Rep. Jimmy Gomez and Sen. Edward Markey Lead Bicameral Letter to Jeff Bezos Expressing Civil Rights Concerns about Amazon’s Facial Recognition Technology

Washington, DC – Today, Rep. Jimmy Gomez (CA-34) – joined by Senator Edward Markey (D-MA), Reps. Luis Gutiérrez (IL-04), John Lewis (GA-05), Judy Chu (CA-27), Ro Khanna (CA-17), Pramila Jayapal (WA-07), and Jan Schakowsky (IL-09) – led a bicameral letter to Amazon Chairman, President, and CEO Jeff Bezos, requesting information about Amazon’s facial recognition technology, branded and sold as “Amazon Rekognition.”

In letters sent to Amazon on July 26, 2018 and July 27, 2018, Rep. Gomez, Sen. Markey, the ACLU, and a bipartisan group of legislators conveyed their alarm about the efficacy and constitutional impact of Amazon Rekognition on communities of color. To date, Amazon has failed to provide sufficient answers to their specific requests on this subject.

“Facial recognition technology may one day serve as a useful tool for law enforcement officials working to protect the American public and keep us safe,” write the lawmakers in their letter to Mr. Bezos. “However, at this time, we have serious concerns that this type of product has significant accuracy issues, places disproportionate burdens on communities of color, and could stifle Americans’ willingness to exercise their First Amendment rights in public.” 

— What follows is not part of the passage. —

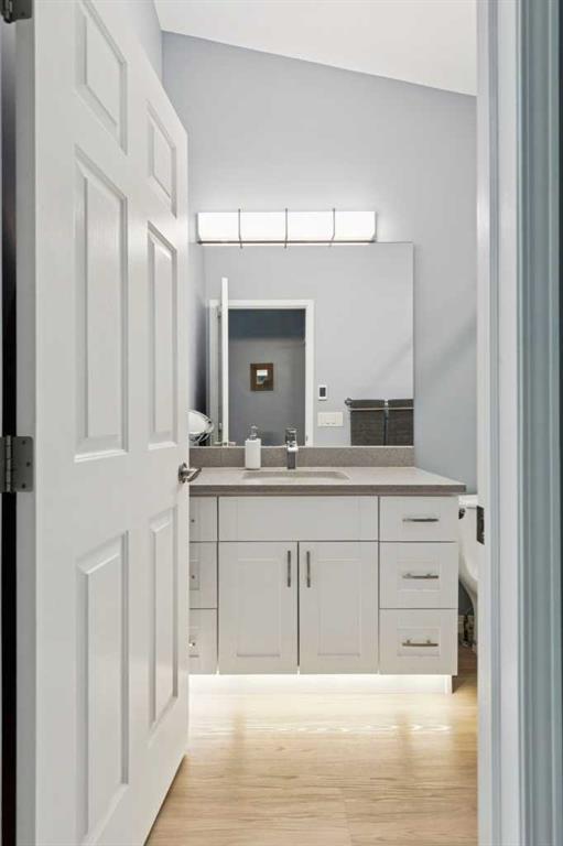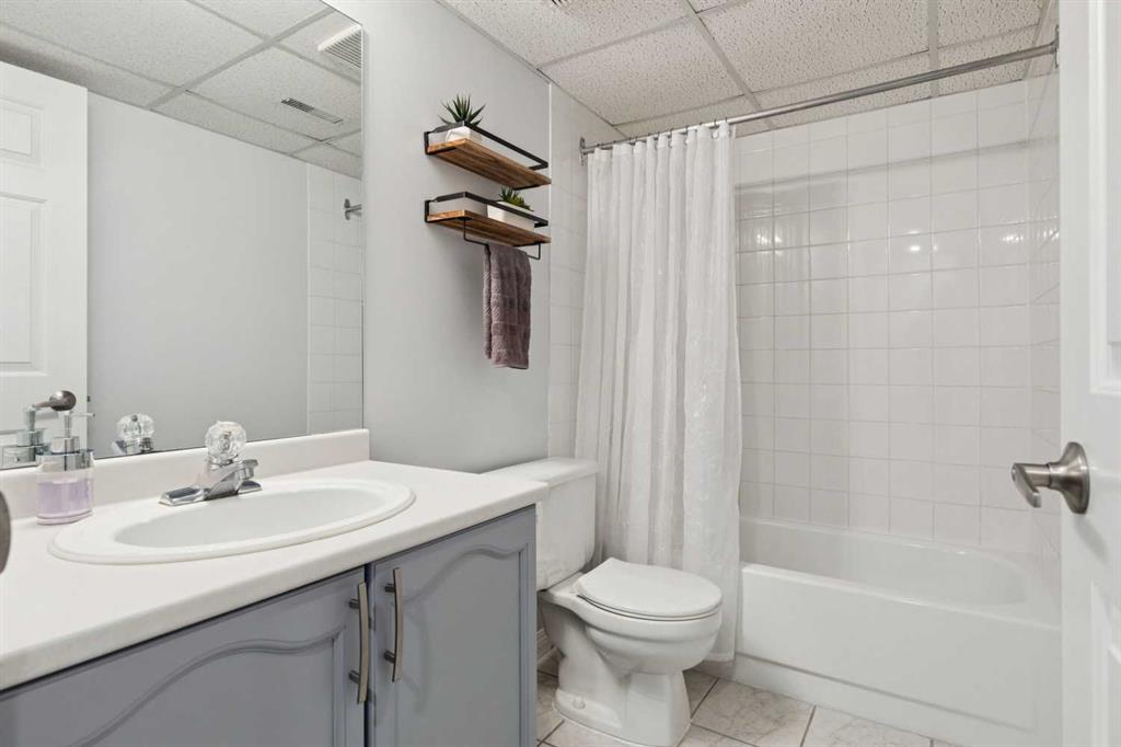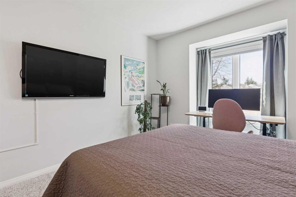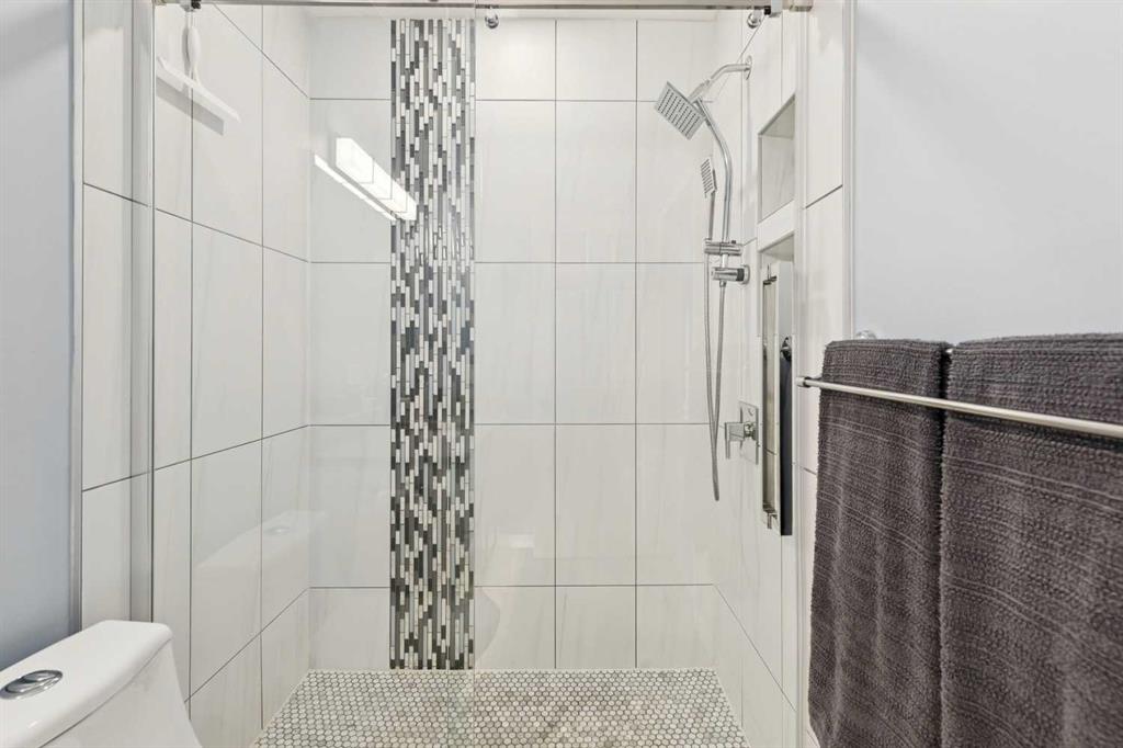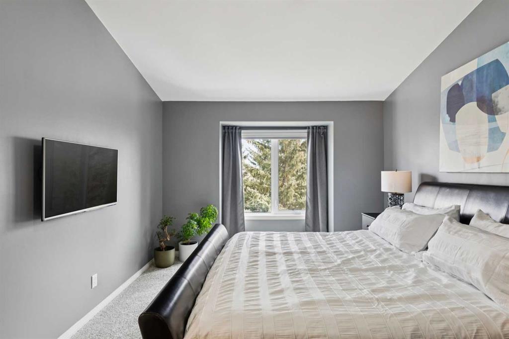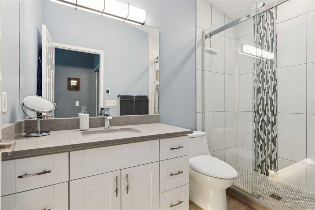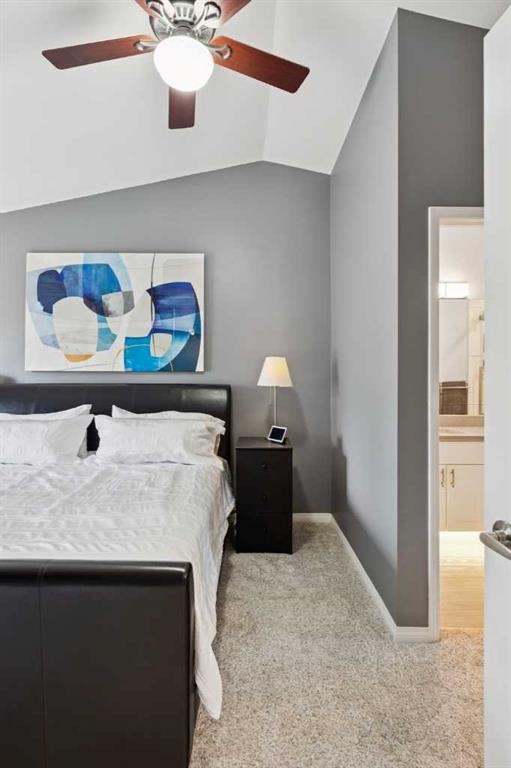 The primary bedroom offers vaulted ceilings, a ceiling fan, day & blackout night honeycomb blinds, and peaceful views of the backyard and pathway. The walk-in closet is fully customized with built-in cabinetry. The ensuite is finished with quartz countertops, under-cabinet lighting, in-floor heating, a high-efficiency toilet, and a walk-in shower with dual shower heads.

A copy of the letter to Amazon can be found HERE.

In their letter, the lawmakers ask Amazon to provide:

-- Results of any internal accuracy or bias assessments that Amazon has performed on Rekognition.

-- Detailed information on how Amazon tests for facial recognition accuracy, how often Amazon tests, and whether these results have been independently verified.

-- Detailed information on how Amazon tests for bias in its facial recognition results, especially racial bias. 

The lawmakers also asked Amazon to respond to questions that include:

-- Does Amazon build protections into the Rekognition system to protect the privacy rights of innocent Americans caught up in either the biometric databases used by law enforcement for comparisons, or in the data law enforcement uses to search those databases? 

-- Does Amazon Rekognition contain a mechanism for automatically deleting unused biometric data?

-- Does Amazon conduct audits of Rekognition use by law enforcement to ensure that (1) the software is not being abused for secretive government surveillance, (2) the software is not facilitating systems that disproportionately impact people based on protected characteristics in potential violation of federal civil rights laws, and (3) the software is not being used in violation of Amazon’s terms of use?

-- Is Amazon Rekognition currently integrated with any police body-camera technology or existing public-facing camera networks?